Sunday, April 25, 2010

thuds and screams in Wapping

So, that election. I should be out delivering leaflets; but my leaflets haven't turned up. Such is life in the sinister Lib-Dem election machine.

More interestingly, it's been a week of truth. We kicked off with David Yelland's and Michael Wolff's pieces about the likely panic in the Murdoch world about the Lib Dem surge and, more broadly, the possibility of their pet candidate, complete with Andy Coulson as personal representative, failing to win. That was interesting, but you could have been forgiven for a certain scepticism.

Then, however, the Murdoch world decided to throw a live demonstration (in more ways than one, thinking about their visit to the Indy). Kicking off, the Tories announced "a new Get Clegg strategy". Rather, it might have been truer to say that they "announced" it; at the time, the news reporting was merely that it had been announced. What was really meant by this became obvious on the morning of the second debate, with the synchronised wave of abuse from the right-wing press.

By lunchtime on the next day, however, they had been called on the issue, by name:
"George Osborne needs to come clean as to whether he himself was personally responsible for this negative media smear campaign, which is now backfiring spectacularly with voters."....

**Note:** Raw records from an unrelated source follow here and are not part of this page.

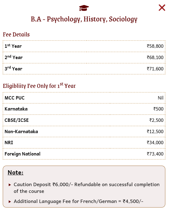 Tuition fees for BA courses are under Rs. 1 lakh annually, with variations such as Rs. 90,000 for the first year and Rs. 85,000 for the second year. Additional fees apply for foreign language classes. The college offers scholarships for students in need. Tuition can be paid in installments, with structures like an initial payment of Rs. 55,000 and a balance of Rs. 32,000. Late payments incur fines. The college is known for its supportive environment towards students facing difficulties.
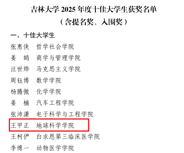 2022级本科生王甲正连续三年专业第一,58门课程满绩,斩获全国大学生不动产估价大赛国家一等奖等荣誉40余项,发表高水平论文,累计担任17项学生干部职务,志愿服务超2200小时,以实际行动践行守土兴邦的地学使命,获评“十佳大学生”荣誉称号。
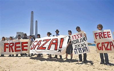 5月31日,在以色列南部城市阿什杜德的港口附近,人们举着标语牌抗议以军方拦截救援加沙的船队。新华社记者 殷博古 摄
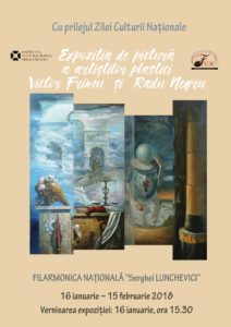 În 16 ianuarie, la ora 15.30, la Galeria Filarmonicii Naţionale „Serghei Lunchievici”, Institutul Cultural Român „Mihai Eminescu” de la Chișinău în colaborare cu Filarmonica Națională „Serghei Lunchievici” organizează o expoziție specială de pictură, a tinerilor artişti plastici Victor Frimu şi Radu Negru.
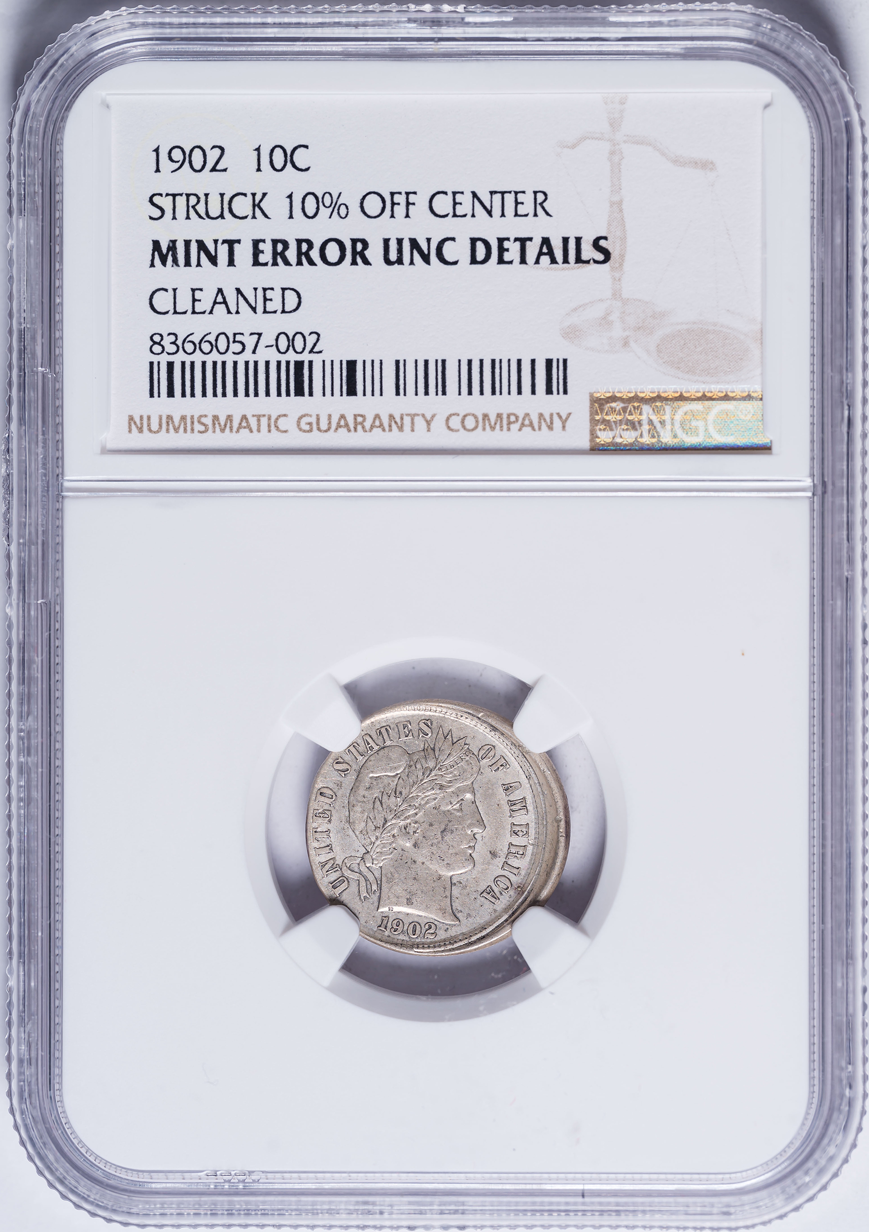 NGC UNC Details 1902 10% Off Center Barber Dime
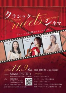 Classic meets Cinema この記事のタイトルとURLをコピーする 開催日: 2025年11月9日 6:00 PM - 10:00 PMカテゴリー: ライブ 波馬朝加(Vn) 吉田真優(Fl) 林めぐみ(Pf) OPEN 18:00 START 19:00 MC ¥4,000- Tweet Share Hatena Pocket RSS feedly Pin it ※SOLD OUT‼Velvet Disco Night 前の記事 GO!WEST 2025~jammin’Zeb Live Tour in 名古屋~ 次の記事
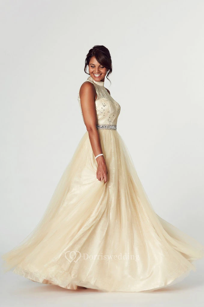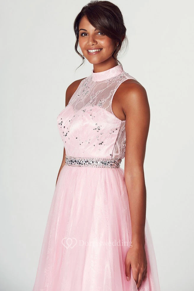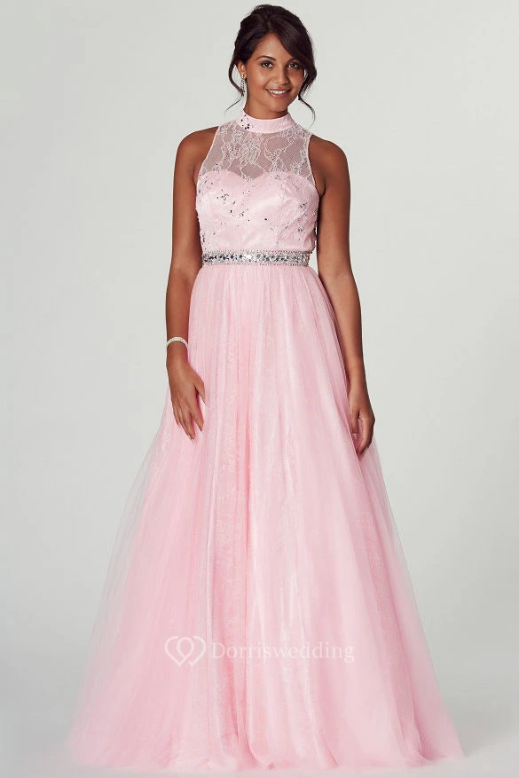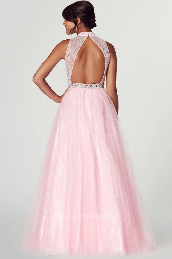 A-Line High Neck Appliqued Sleeveless Tulle Prom Dress

Osborne met some political editors on Monday and discussed the party's response to the Lib Dem surge.

In one paper, a strategist was reported as expressing the hope that the media would do the Tory party's dirty work. There is no evidence that Osborne made this remark or that Conservative headquarters fed any story to any paper.


The direct quote is from the Liberal election coordinator, Danny Alexander; the rest is the Guardian's. You have to love the impressively yellow bit about "there is no evidence that Conservative HQ..." after the direct statement that, yes, Gideon personally made the rounds and handed out the talking points.

Because, of course, the Lib Dem surge has at least achieved one thing - it's provided an opportunity to observe the media-political complex working in real time. We can't tell what transpired between Osborne and the pet editors, but we do know that an unexpected third-party surge happened at the beginning of the week, the Tories promised smears, and that certain newspapers all delivered them on the due day. Input-output analysis.

At least we now know, for a fact, that there are newspapers in the UK that accept direct orders from politicians, and we also know which ones. Not that the list is a surprise. It's also interesting that the Murdochs still think the Times has to observe slightly different standards; it sat out the story. Clearly, self-delusion does actually act as a real check on some people's behaviour. The Times kids itself it's still a newspaper, and therefore is somewhat more like one.

Another thing; since Osborne got caught, the Tories have adjusted the fire somewhat. Ken Clarke told the Telegraph that they might consider going into coalition with the Liberals; the Observer, in its Obscurer mode, headlined the same thing over an interview with David Cameron, in which he didn't really say that - but presumably his PR team must have accepted it. The whole thing has had a strangely communist feel; a Power Struggle in the Inner Party, which the people follow through odd snippets of certainly misleading news-like data.

The good news: ignorance is no longer excusable. The even better news is: there's an app for that, or rather a Greasemonkey script.

You bet. (More here, and here, among others.

In an environment characterised by uncertainty, the best predictions are often the ones based on humour and caricature; they get past the shared illusions and get right to the irrational core.

1 comment:

ejh said...

there are newspapers in the UK that accept direct orders from politicians, and we also know which ones

Though we still don't know which politicans accept direct orders from newspapers, albeit Yelland seems to have some well-informed opinions on the subject.